First Solar has long had its own recycling program, which was
explained by Sukhwant Raju, global director of recycling, operations,
and services. A prefunded program was recently updated to be funded with
project cash flows, which fits better with the company's market
sweetspot of utility-scale solar. The company has recycled around 48,000
metric tons to date, and does recycling in all its manufacturing
plants, scalable to accommodate future high volumes. Roughly 95 percent
of the semiconductor material in its modules is recovered, and 90
percent of the glass.
First Solar's first recycling program (circa 2006) processed about 10
tons per day, and the latest one (circa 2011) increased to 30 tons per
day, based on a more chemical-breakdown approach. Raju sees PV recycling
costs going below hazardous waste disposal within two years, and in the
next decade or so the company has plans to churn out 350 tons per day
using smaller mobile facilities to do onsite recycling.
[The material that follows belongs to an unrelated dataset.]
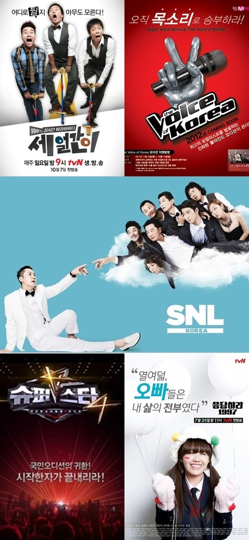 지겹다, 지겹다해도 리모컨이 멈추는 건 오디션 프로그램이었다. 이번에 케이블에서 선보인 오디션 또는 서바이벌 형식의 예능 프로그램은 줄잡아 7개 남짓. ‘마스터셰프코리아’, ‘쇼미더머니’, ‘보이스코리아’, ‘슈퍼스타K 4’, ‘슈퍼디바 2012’, ‘도전 슈퍼모델코리아’, ‘프로젝트 런웨이’ 등이다. 넘쳐나는 오디션 프로그램에 질린다는 말이 나오지만 그래도 성적표는 나쁘지 않았다. 성공의 잣대인 시청률 1%를 모두 넘어섰으며 ‘마스터셰프 코리아’는 마니아 층의 지지 속에 최고 2.6%를 돌파했다. ‘보이스 코리아’는 조명 받지 못한 실력파 가수들을 양지로 끌어냈으며 ‘도전 슈퍼모델코리아’, ‘프로젝트 런웨이’는 참가자들의 갈등을 막장스럽게 다루며 시선몰이에 성공했다. 특히 ‘슈퍼스타K’의 경우 전 시즌들에 비해 파급력이 약하다는 우려의 목소리를 들었으나 동시간대 방영된 MBC ‘위대한 탄생3’, SBS ‘고쇼’와의 시청률 경쟁에서는 우위를 차지했다.

There is value in some of the reclaimed materials that can help
offset the cost of recycling, the panelists noted; tellurium in First
Solar panels, for example has good value, as does glass, and the copper
and steel in the entire system have value. Raju added that their efforts
continue to find an end-market for recyclable laminate materials.
Having more valuable materials going in, such as gold, would help the
recovery cost model, but they'd be more costly up front as well,
panelists agreed.
SEIA's Smirnow noted that SEIA has a working group that's putting
together a white paper on PV recycling, which will help to develop a
policy recommendation for its board of directors. (He separately
indicated results likely will be publicized sometime early in 2014.
All panelists agreed that a consortium approach, inspired by Europe's
PV Cycle program but modified for the unique U.S. market, perhaps with
clear directions for residential vs. utility-scale solar. Raju offered
that manufactures and customers have to be the first ones on board with
the plan, with manufactures taking the lead and training customers to
understand that they'll play a key role, as well.
"It's got to be national, it's got to be voluntary, and it's got to be a consortium," summed up Vernam.